## WHAT YOU NEED TO DO
From first line to last, give the records again word for word and omit the pictures.

....

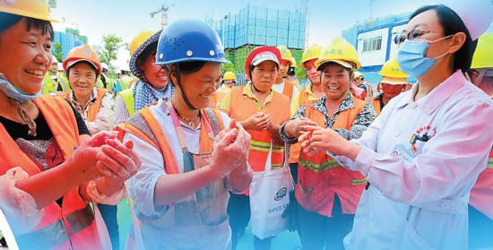 醫(yī)護(hù)人員向工人普及衛(wèi)生知識(shí)。 本報(bào)記者 陳飛 攝
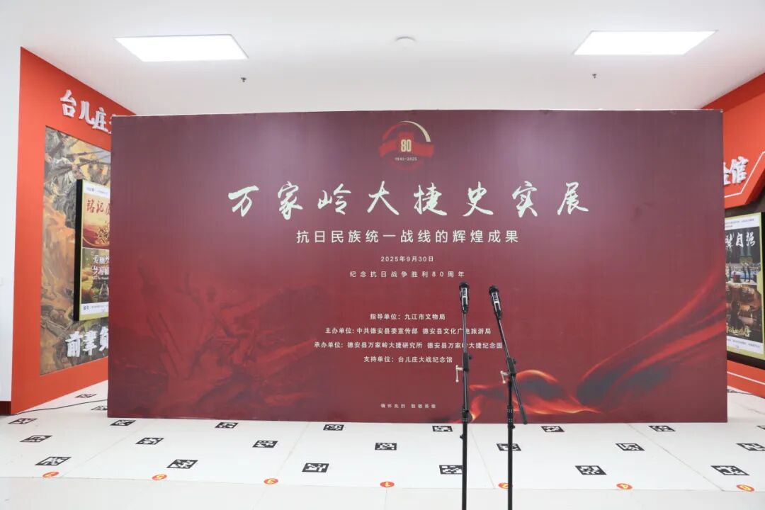2025年9月30日上午,时值第十二个中国烈士纪念日、中国人民抗日战争暨世界反法西斯战争胜利80周年之际,“万家岭大捷史实展”开展仪式在台儿庄大战纪念馆隆重举行。此次展览由九江市文物局指导、台儿庄大战纪念馆的特别支持,由中共德安县委宣传部与德安县文化广电旅游局共同主办;德安县万家岭大捷研究所与万家岭大捷纪念园承办。此次展览是推动两地红色资源交流共享、弘扬伟大抗战精神的重要实践。
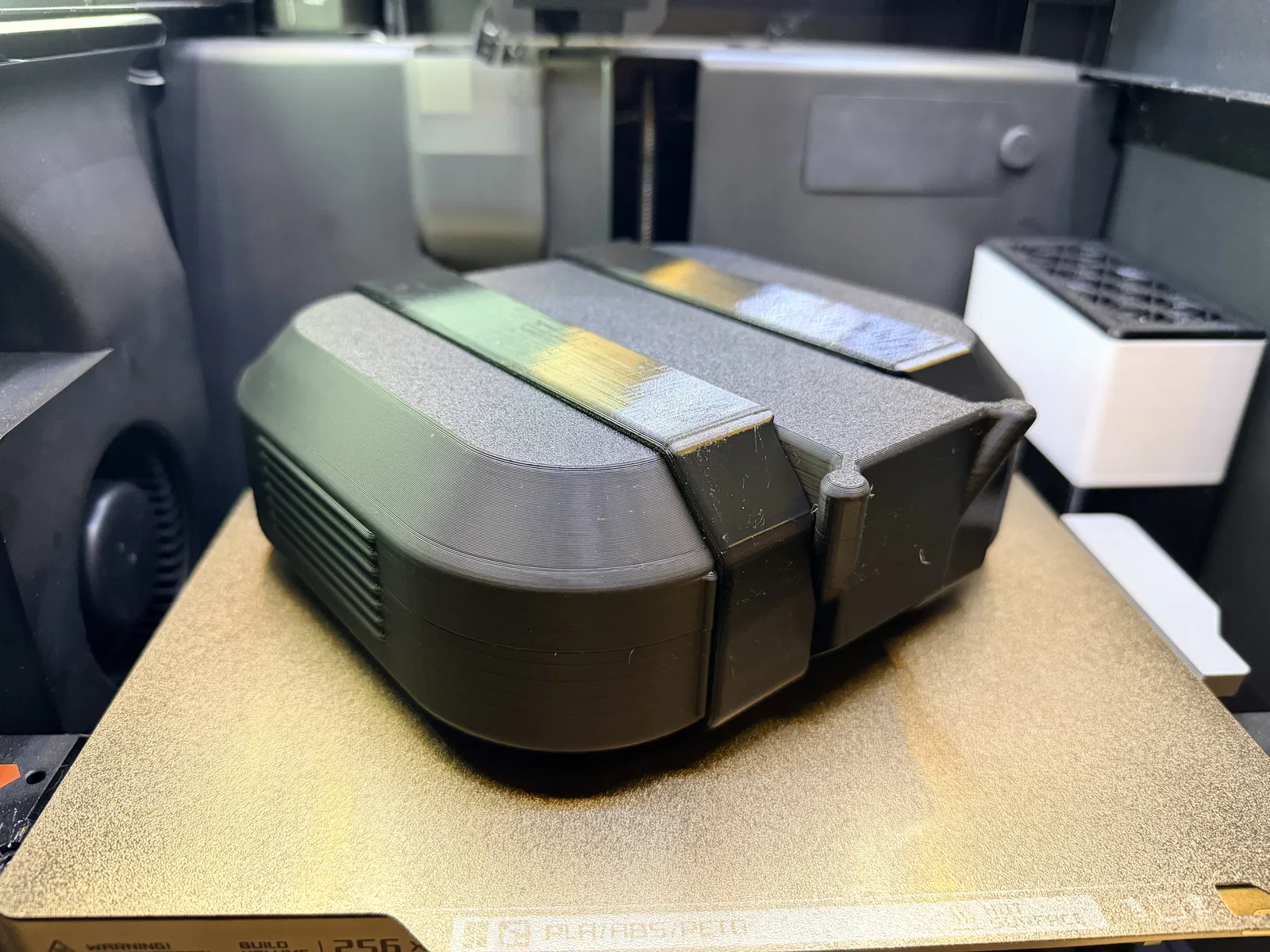 Cases and Lids: PLA/PLA+ hoặc filament bạn thích, ví dụ ASA - .28 Extra Draft - .20 Strength. Bạn muốn làm đặc như cục gạch cũng được. (Cần 3 walls để các gối đỡ giữa được đặc). Lưu ý: Mình khuyên in có support cho phần cổng của hộp pin (battery box port) để tránh bị sệ nhẹ, dù chuyện này không ảnh hưởng việc dùng nút bịt cổng.
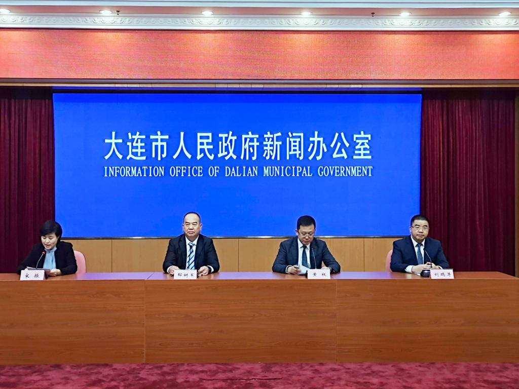 大連市醫療保障局局長邸樹軍(左二)在新聞發布會上介紹有關情況。(新華社記者張博群 攝)
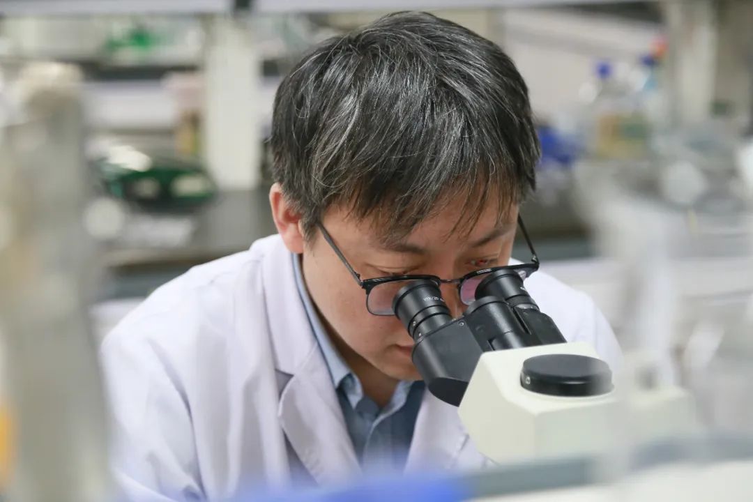 科研人员观察病理切片 不放过任何细微末节

....

## SOLUTION
 醫(yī)護(hù)人員向工人普及衛(wèi)生知識(shí)。 本報(bào)記者 陳飛 攝
2025年9月30日上午,时值第十二个中国烈士纪念日、中国人民抗日战争暨世界反法西斯战争胜利80周年之际,“万家岭大捷史实展”开展仪式在台儿庄大战纪念馆隆重举行。此次展览由九江市文物局指导、台儿庄大战纪念馆的特别支持,由中共德安县委宣传部与德安县文化广电旅游局共同主办;德安县万家岭大捷研究所与万家岭大捷纪念园承办。此次展览是推动两地红色资源交流共享、弘扬伟大抗战精神的重要实践。
 Cases and Lids: PLA/PLA+ hoặc filament bạn thích, ví dụ ASA - .28 Extra Draft - .20 Strength. Bạn muốn làm đặc như cục gạch cũng được. (Cần 3 walls để các gối đỡ giữa được đặc). Lưu ý: Mình khuyên in có support cho phần cổng của hộp pin (battery box port) để tránh bị sệ nhẹ, dù chuyện này không ảnh hưởng việc dùng nút bịt cổng.
 大連市醫療保障局局長邸樹軍(左二)在新聞發布會上介紹有關情況。(新華社記者張博群 攝)
 科研人员观察病理切片 不放过任何细微末节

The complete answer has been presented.